We noted a high percentage of unsuccessful measurements resulting from the lack of cooperation with the subjects and the presence of motor artifacts. In researching the pediatric population, it is necessary to consider this critical factor. Nevertheless, it seems that the method of assessing photoplethysmographic curves is relatively simple, helpful in examining the microcirculation in diabetic patients, and allows for distinguishing the risk group of patients at risk of developing diabetic neuropathy. Further studies on the more extensive group of patients are needed.

The research protocol’s advantage is including healthy siblings of diabetic children due to the similar environmental and genetic factors in both groups, potentially affecting the presented research results. Unfortunately, the small size of the control group is a consequence. A significant limitation of the project was obtaining data on the metabolic control of patients, such as HbA1c values, comorbidities, microvascular complications, and risk factors for complications based on medical history and available medical documentation. It would be beneficial to conduct up-to-date laboratory analyses and additional tests on the population of the studied children. This project does not consider an extension of diagnostics due to the respondents’ reluctance to increase the number of medical interventions in children with diabetes and their healthy siblings. During the qualification for the study, the author repeatedly met with patients’ objections to any additional medical intervention, including blood withdrawn for laboratory analyses. The respondents and their parents made participation in the project dependent on the non-invasive nature of the procedures undertaken and the lowest possible burden on patients and their siblings. Undoubtedly, several parameters, such as current glycemia level during the examination in both groups or cholesterol levels in the control group, would be beneficial and increase the study’s quality. Unfortunately, we had no possibility to perform those. Nevertheless, the obtained data on clinical parameters are exceptionally complete due to the comprehensive care of patients and regular evaluation and screening as part of standard diabetes care. Moreover, the use of data from medical records and medical history made it possible to obtain information on not only the current HbA1c value but also data on the measurements of glycosylated hemoglobin obtained over the last year, which, due to the influence of chronic metabolic control on the presence of complications, is of particular importance [47,48,49]. On the other hand, a control group formed from siblings of patients might be considered a limitation of the study. Perhaps abnormalities found in capillaroscopy are a result of genetic factors. All individuals with found anomalies remain under our care and are closely monitored.
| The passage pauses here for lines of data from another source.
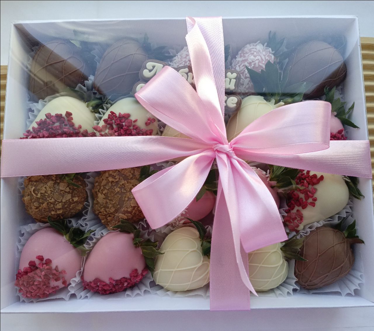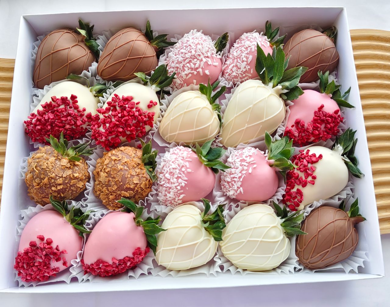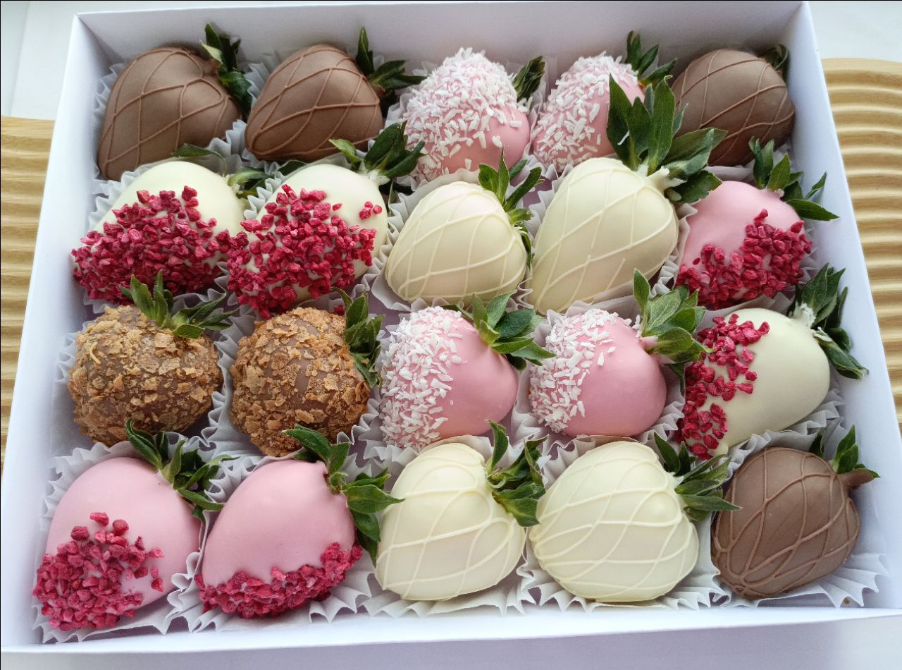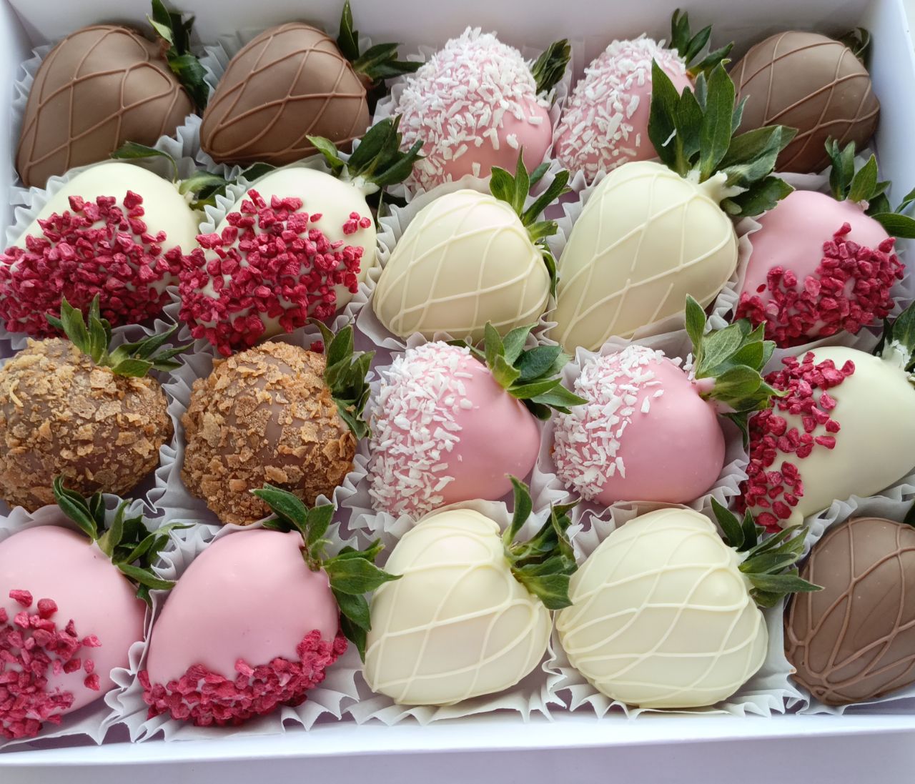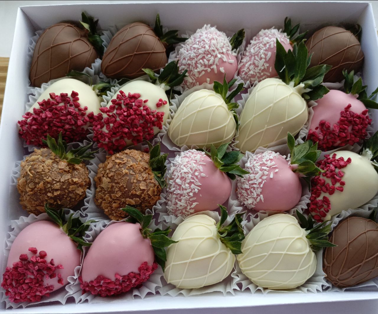 Шикарный, вкусный, красивый набор из клубники в шоколаде,три вида шоколада: белый , розовый и молочный, вкусная ягода свежей клубники и посыпки из сублимированной малины, вафельной крошки и кокосовой стружки.
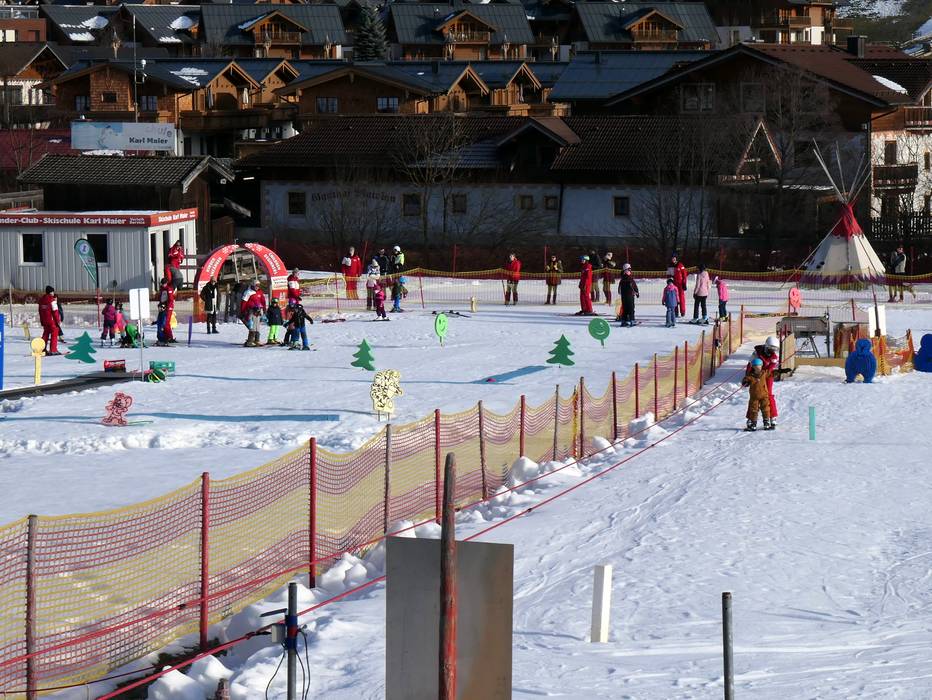 Das Kindergelände an der Talstation der Hochalmbahn in Rauris hat einen Zauberteppich und einen kleinen Übungslift. Kinder können bei den engagierten Skilehrern optimal üben.
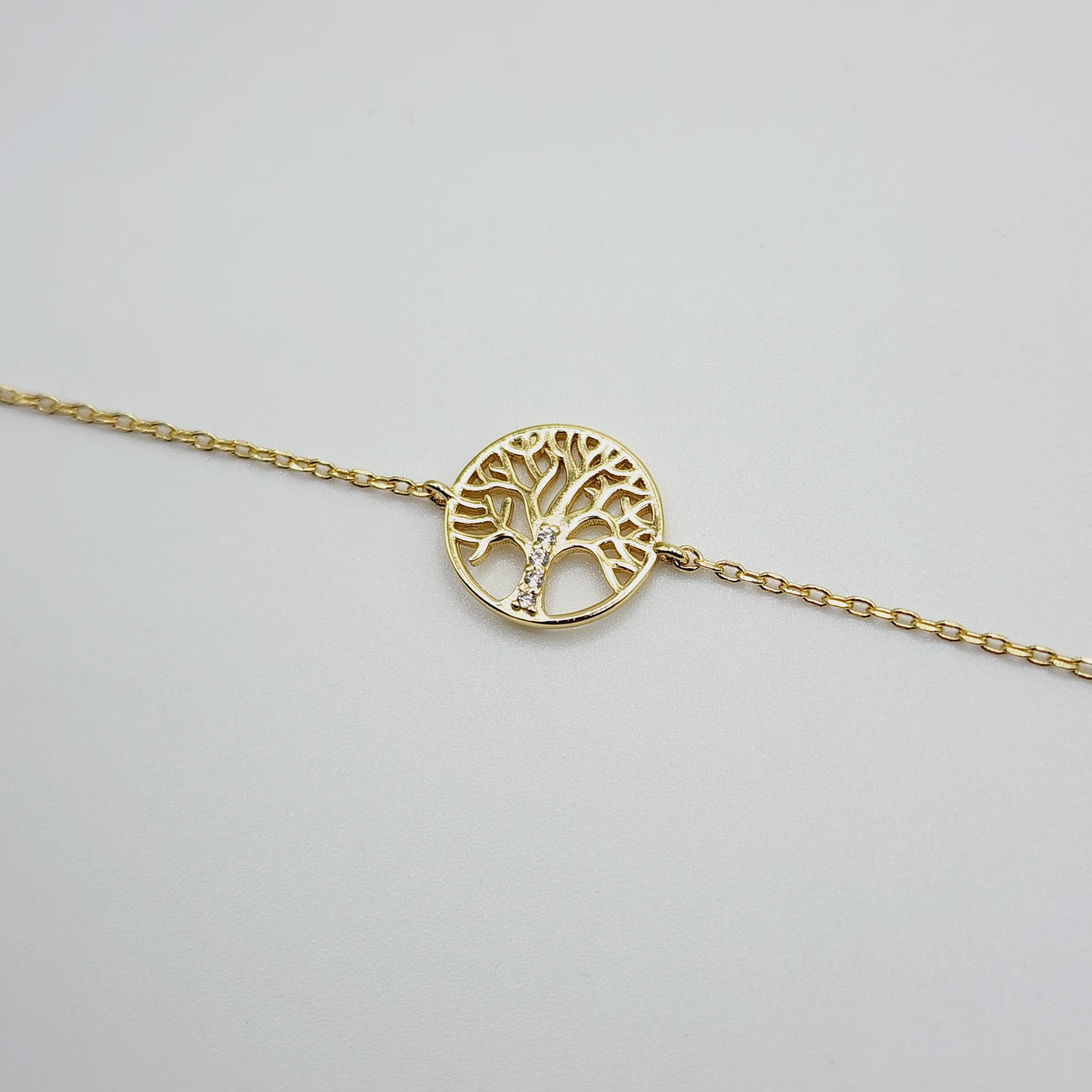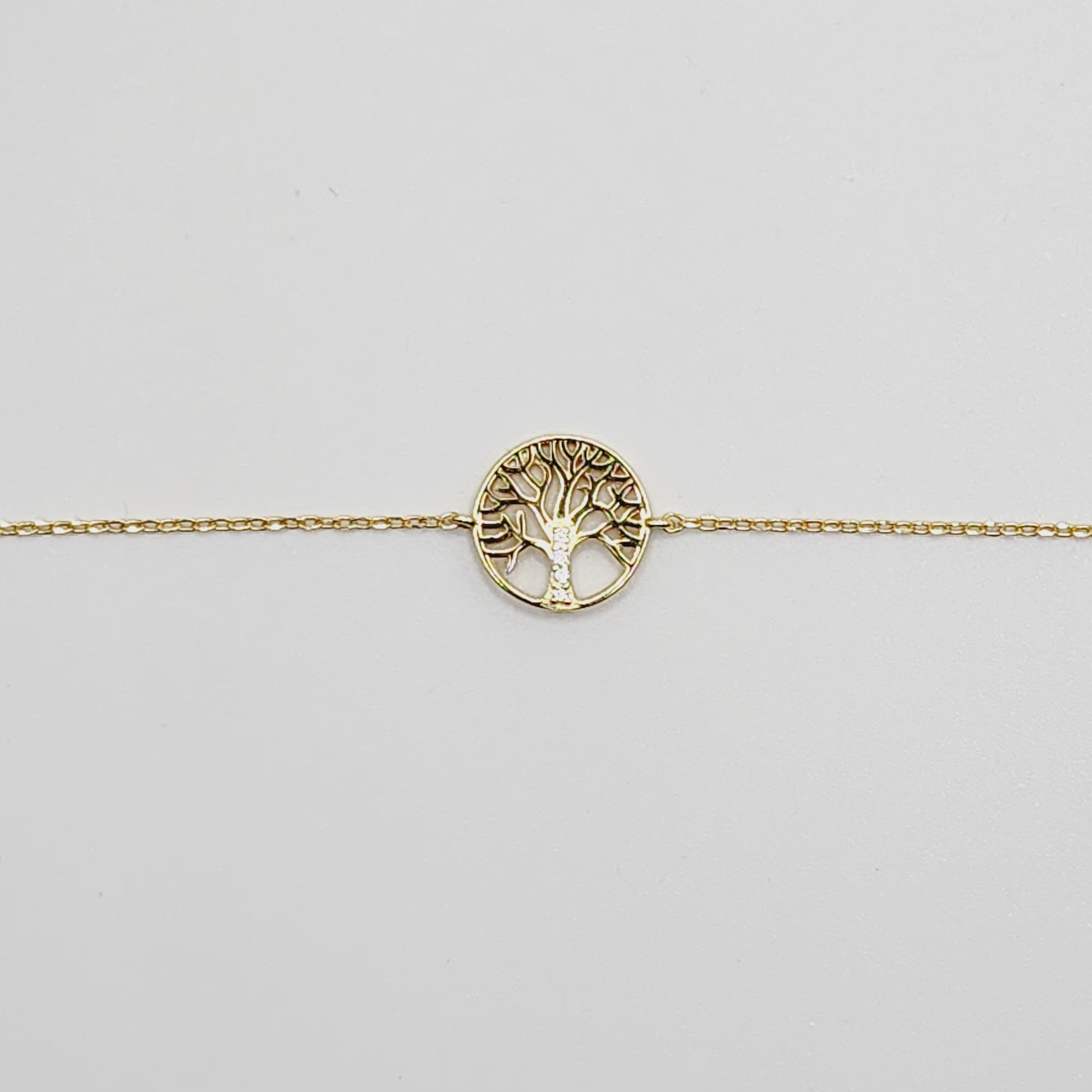 Elevate your style with our gold plated Tree of Life bracelet, featuring three shimmering zircon stones along the trunk.

We believe our study highlights an important topic and could be considered a pilot study, with the need for more extensive research in the area. Our findings may help design large studies, which might bring the answers we seek. The results we provide may indicate the high sensitivity of capillaroscopy, which enables the detection of microvascular abnormalities before revealing microvascular complications such as albuminuria or retinopathy. The presence of meandering and enlarged capillaries in the nailbed in the retina as well as sublingual vessels [5, 6] indicates a correlation between systemic microcirculation and the condition of the proximal nail fold capillaries. Still, unlike rheumatoid diseases, capillaroscopic patterns typical for diabetic microvascular abnormalities have not been found. However, further research in this area is necessary due to the heterogeneity of the study groups, different research protocols, and possible variability of capillaroscopic images over time in patients with diabetes.